### RAW DATA

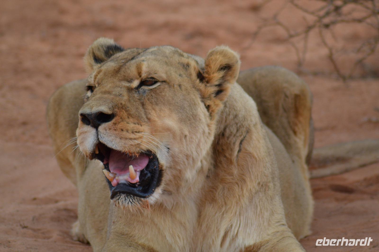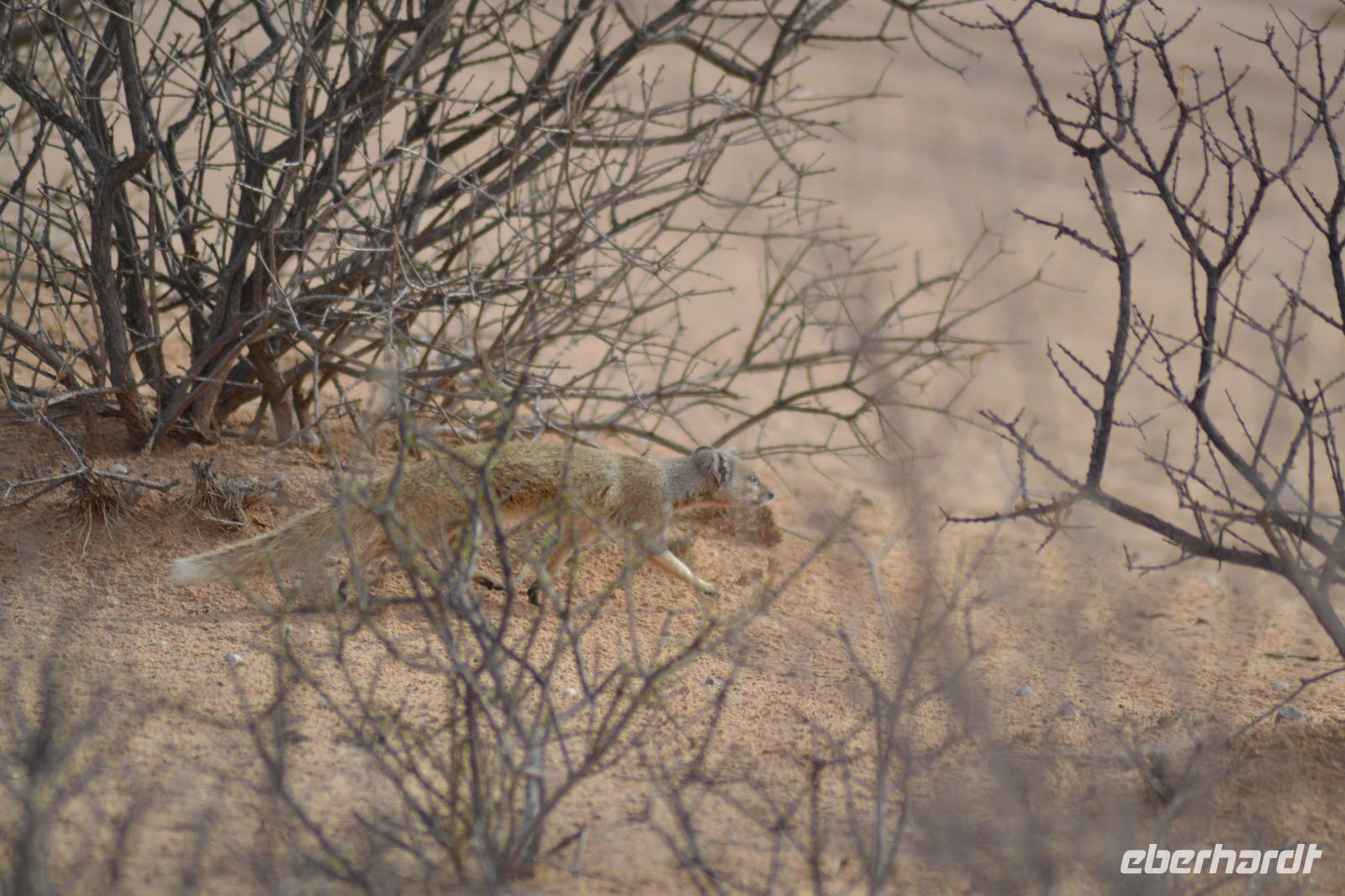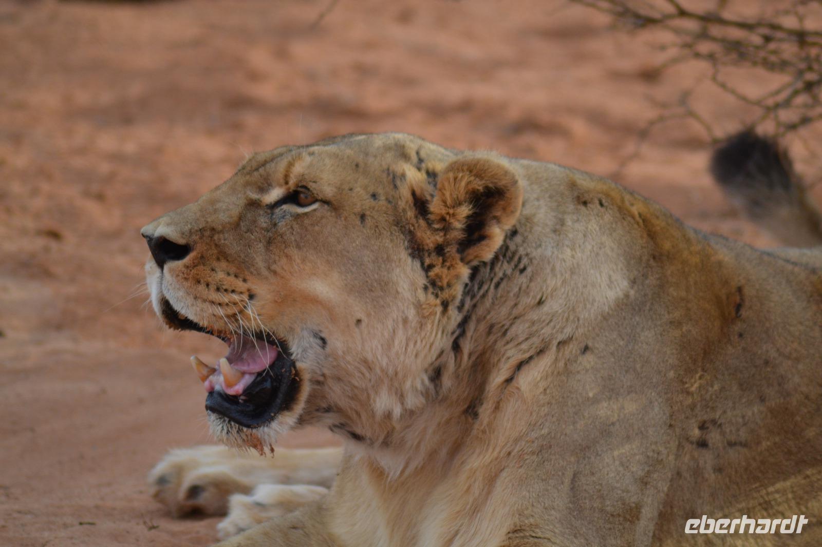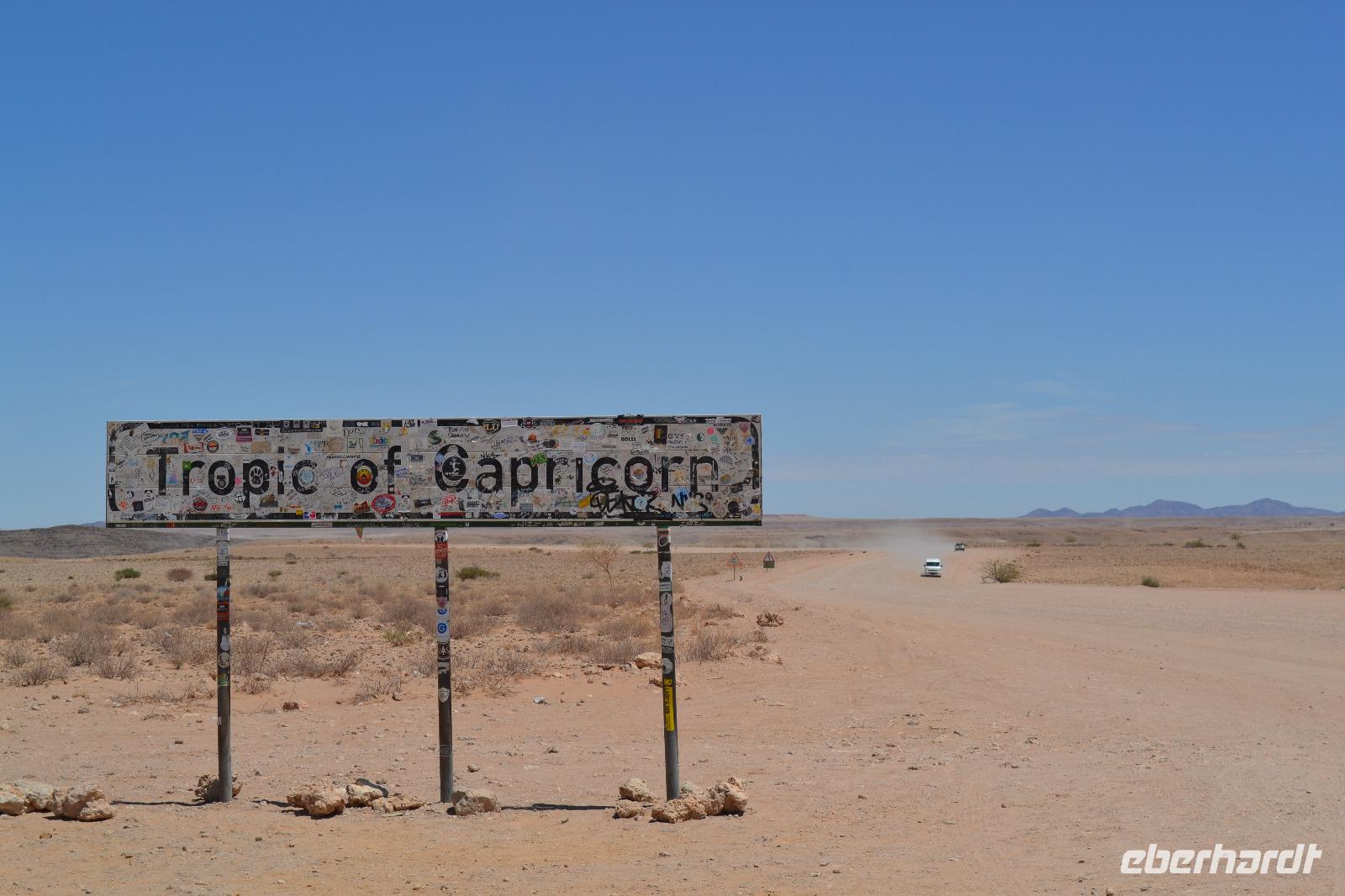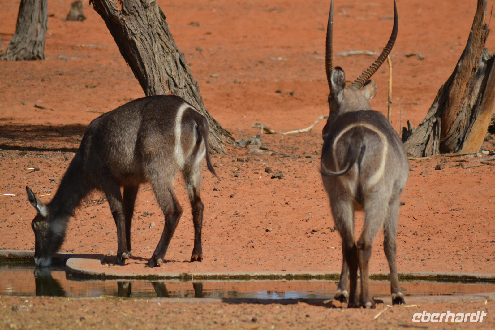 Nach einem ausgiebigen Frühstück mit einem tollen Panoramablick über die Stadt starteten wir unsere erste lange Strecke mit ca. 300 km in die Kalahari Halbwüste. Doch zunächst hatten Laura und Dagmar noch ein paar geheime Erledigungen vor. Nachdem alles im Truck verladen war ging die Fahrt über Heldenacker und somit die Überquerung des südlichen Wendekreises des Steinbocks weiter. An einer Tankstelle in Rehoboth nutzen wir die Gelegenheit unseren Kaffee weg zu bringen. Kurz hinter dem Ort Verliesen wir die asphaltierten Straßen und begaben uns auf die Schotterpisten in die Kalahari. Unterwegs Briefte uns Dagmar mit den wichtigsten Besonderheiten des Landes und worauf man unbedingt achten sollte. Besonders die Malaria Vorsorge mittels eines Gin Tonics blieb uns gut im Gedächtnis. Dies war der erste alkoholische Tipp unserer Reiseleiterin. Daran wollten wir uns auf jeden Fall halten. Mittags erreichten wir bereits unsere tolle Lodge in mitten der Natur! Einer der drei Unterkünfte in diesem privaten Gelände und auch die komfortabelste. Nach einer Pause, die wir für eigene Erkundigungen des Geländes mit ersten Tierbeobachtung, ein Sprung in den kühlen Pool oder ein Getränk an der Bar nutzen. Zum Nachmittag trafen wir uns an der Terrasse auf ein Stück Kuchen und Kaffee. Im Anschluss stand die erste Sundowner Fahrt in offenen Jeeps statt. Wir sahen unwahrscheinlich viele Tiere. Kudus, Springböcke, Zebras, Giraffen, Strauße, Löwe, Löffelhunde, und vieles mehr. Nach einer 2,5 stündigen Fahrt durch die wunderbare Natur genossen wir bei einem kühlen Getränk und kleinen Snacks den Sonnenuntergang auf der Düne. Im Hintergrund der grau bedeckte Himmel und am Ende des Horizontes ein Regenbogen. Es folgte der zweite alkoholische Tipp von Dagmar. Wir sollten alle ein Glas Sekt trinken, damit sollte der Regen kommen. Als wir unsere Lodge wieder erreichten wartet bereits ein romantisch gedeckter Tisch auf der Terrasse auf uns. Wir ließen den Abend bei einem, zwei, oder vielleicht drei Gläsern Wein ausklingen und begaben uns anschließend auf den teilweise abenteuerlichen Weg zurück in unsere Chalets.
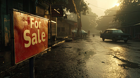 In the midst of the street, a for sale sign is prominently displayed, drawing attention to potential buyers passing by.
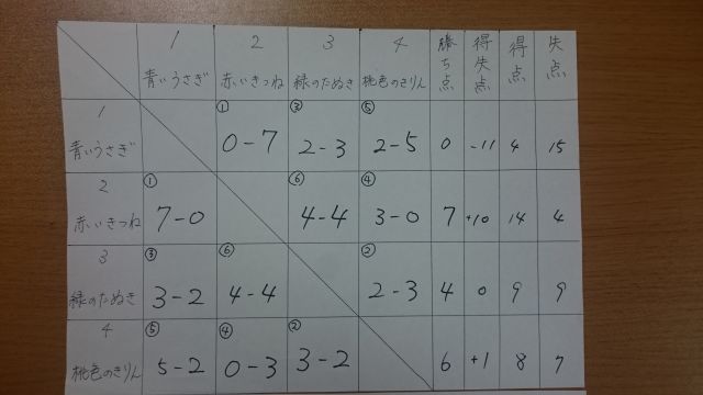 青いうさぎ、赤いきつね、緑のたぬき、桃色のきりん、の4チーム

### EXERCISE DETAILS
Could you print the listing above word for word, without its pictures?

### EXERCISE OUTPUT
 Nach einem ausgiebigen Frühstück mit einem tollen Panoramablick über die Stadt starteten wir unsere erste lange Strecke mit ca. 300 km in die Kalahari Halbwüste. Doch zunächst hatten Laura und Dagmar noch ein paar geheime Erledigungen vor. Nachdem alles im Truck verladen war ging die Fahrt über Heldenacker und somit die Überquerung des südlichen Wendekreises des Steinbocks weiter. An einer Tankstelle in Rehoboth nutzen wir die Gelegenheit unseren Kaffee weg zu bringen. Kurz hinter dem Ort Verliesen wir die asphaltierten Straßen und begaben uns auf die Schotterpisten in die Kalahari. Unterwegs Briefte uns Dagmar mit den wichtigsten Besonderheiten des Landes und worauf man unbedingt achten sollte. Besonders die Malaria Vorsorge mittels eines Gin Tonics blieb uns gut im Gedächtnis. Dies war der erste alkoholische Tipp unserer Reiseleiterin. Daran wollten wir uns auf jeden Fall halten. Mittags erreichten wir bereits unsere tolle Lodge in mitten der Natur! Einer der drei Unterkünfte in diesem privaten Gelände und auch die komfortabelste. Nach einer Pause, die wir für eigene Erkundigungen des Geländes mit ersten Tierbeobachtung, ein Sprung in den kühlen Pool oder ein Getränk an der Bar nutzen. Zum Nachmittag trafen wir uns an der Terrasse auf ein Stück Kuchen und Kaffee. Im Anschluss stand die erste Sundowner Fahrt in offenen Jeeps statt. Wir sahen unwahrscheinlich viele Tiere. Kudus, Springböcke, Zebras, Giraffen, Strauße, Löwe, Löffelhunde, und vieles mehr. Nach einer 2,5 stündigen Fahrt durch die wunderbare Natur genossen wir bei einem kühlen Getränk und kleinen Snacks den Sonnenuntergang auf der Düne. Im Hintergrund der grau bedeckte Himmel und am Ende des Horizontes ein Regenbogen. Es folgte der zweite alkoholische Tipp von Dagmar. Wir sollten alle ein Glas Sekt trinken, damit sollte der Regen kommen. Als wir unsere Lodge wieder erreichten wartet bereits ein romantisch gedeckter Tisch auf der Terrasse auf uns. Wir ließen den Abend bei einem, zwei, oder vielleicht drei Gläsern Wein ausklingen und begaben uns anschließend auf den teilweise abenteuerlichen Weg zurück in unsere Chalets.
 In the midst of the street, a for sale sign is prominently displayed, drawing attention to potential buyers passing by.
 青いうさぎ、赤いきつね、緑のたぬき、桃色のきりん、の4チーム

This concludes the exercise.